Karl-Heinz Reinfandt (7 July 1932 - 20 March 2023) was a German musicologist and music educator.

== Life ==
Born in Danzig, Reinfandt studied music and the German language from 1953 to 1955 at the University of Flensburg. He then worked at various primary and secondary schools as well as secondary modern schools in Schleswig-Holstein. In 1958 he began studying again, this time school and church music at the Hamburg Academy of Music and the subjects musicology, literature and educational science at the universities in Hamburg and Kiel, which he completed in 1966 with a doctorate (Das Verhältnis von Text und Stimmgattung in der deutschen evangelischen Kirchenmusik der Barockzeit (The Relationship between Text and Voice Genre in German Protestant Church Music of the Baroque Period) Supervisor: Kurt Gudewill). From 1963 to 1968, he again served as a student councilor in the teaching profession at various grammar schools in Kiel and Wyk auf Föhr.

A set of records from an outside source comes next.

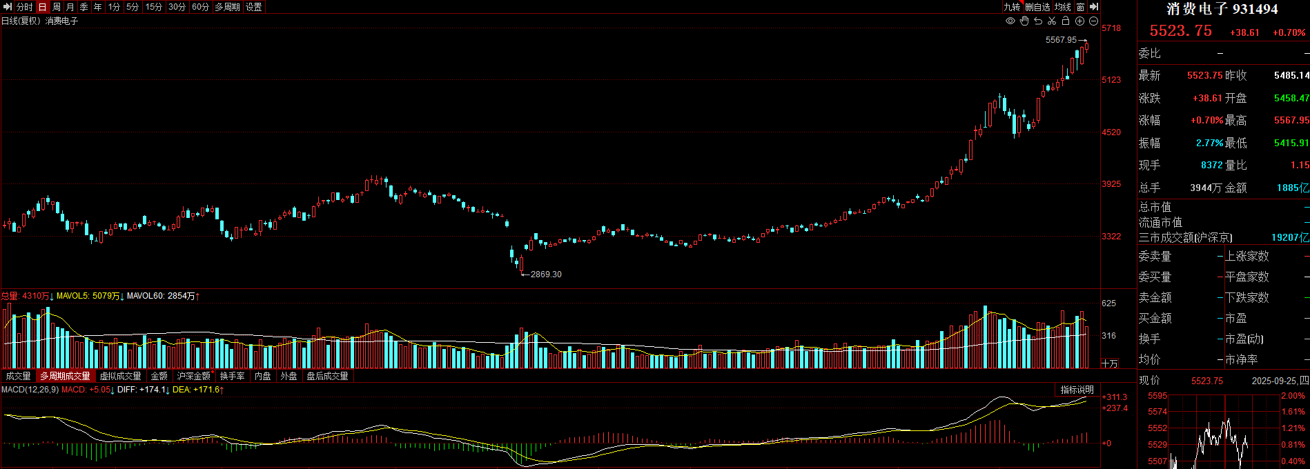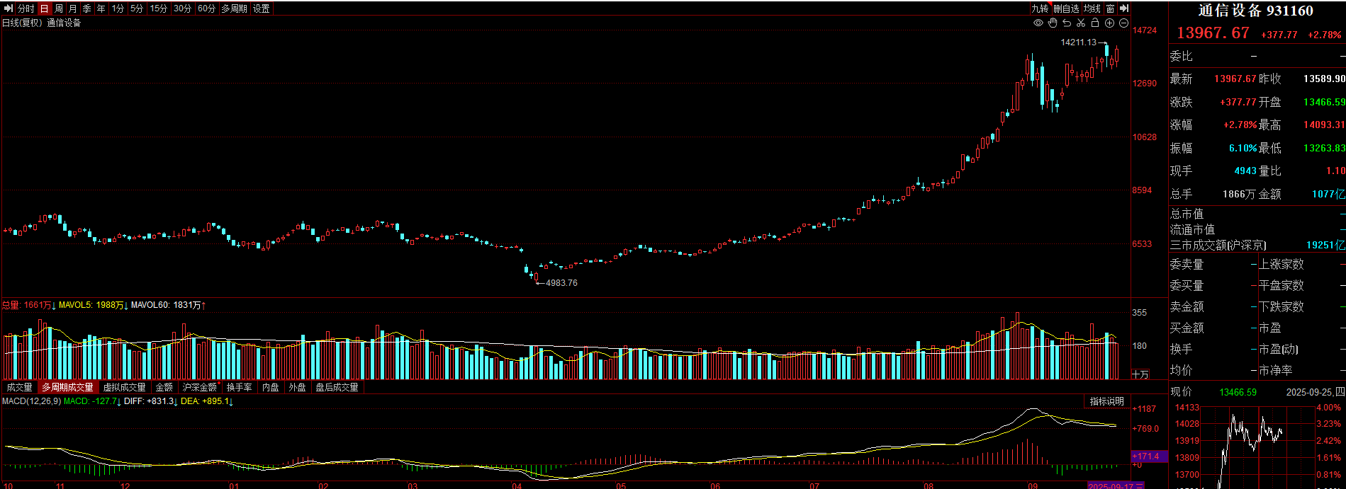 通信设备又拉升了,指数涨超3%,一根中阳线站上5日均线的支撑,短期多头趋势完好,当下可以继续格局。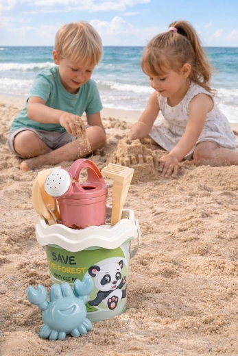 Wiaderko, konewka 0,5 l, sitko, łopatka, grabki i foremka krab – wszystko, czego dzieci potrzebują do budowania zamków, przesiewania i podlewania.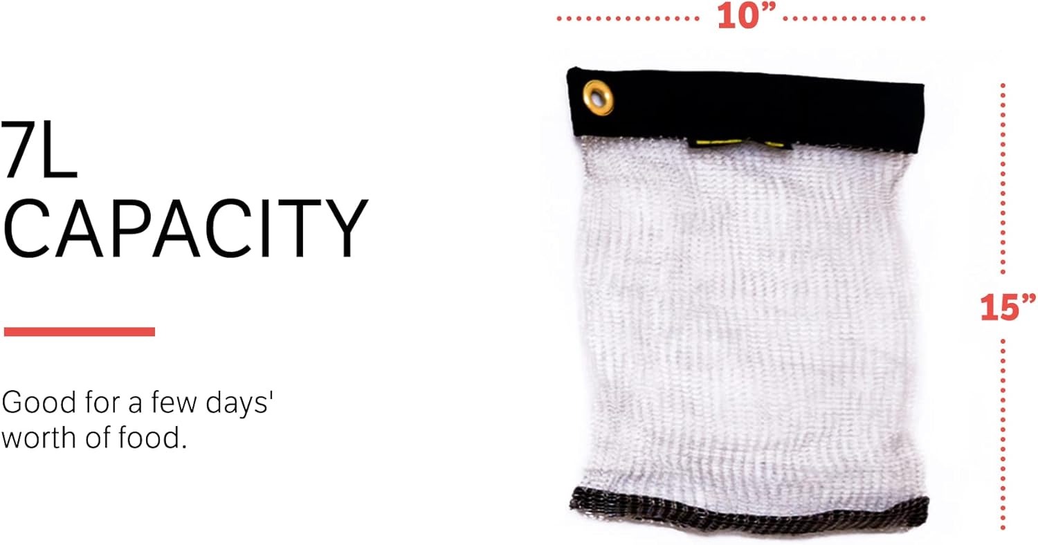 - Rodent-Resistant Food Storage – Made from heavy-duty stainless steel mesh, the RatSack Cache Bag is designed to keep rodents and small animals away from your food while camping, backpacking, or hiking. Its breathable design prevents condensation buildup, keeping food dry and fresh.

At the same time Reinfandt remained closely connected with the Pädagogische Hochschule in Kiel: After he had already held a teaching position for singing from 1963 to 1966, he took up a lectureship for music and its didactics there from 1968 to 1971. In 1971 he was appointed to a professorship for music didactics and musicology at the Christian-Albrechts-Universität zu Kiel. In 1983 he was appointed director of the institute there. After the transition of the Pedagogical University to the Christian-Albrechts-Universität zu Kiel Reinfandt became director of the Institute for Aesthetic Education at the University of Kiel. From 1995 until his Emeritus in 1997, Reinfandt also held visiting scholarship at the Rostock University of Music and Theatre and at the University of Flensburg.

Reinfandt was the father of the Anglicist Christoph Reinfandt.

== Teaching and lecturing activities ==
In addition to teaching and research at the College of Education in Kiel and the University of Kiel, Reinfandt has also been active as a music educator since the 1970s. In the context of family and adult education, he has especially been active in continuing education for adults since his retirement in 1997.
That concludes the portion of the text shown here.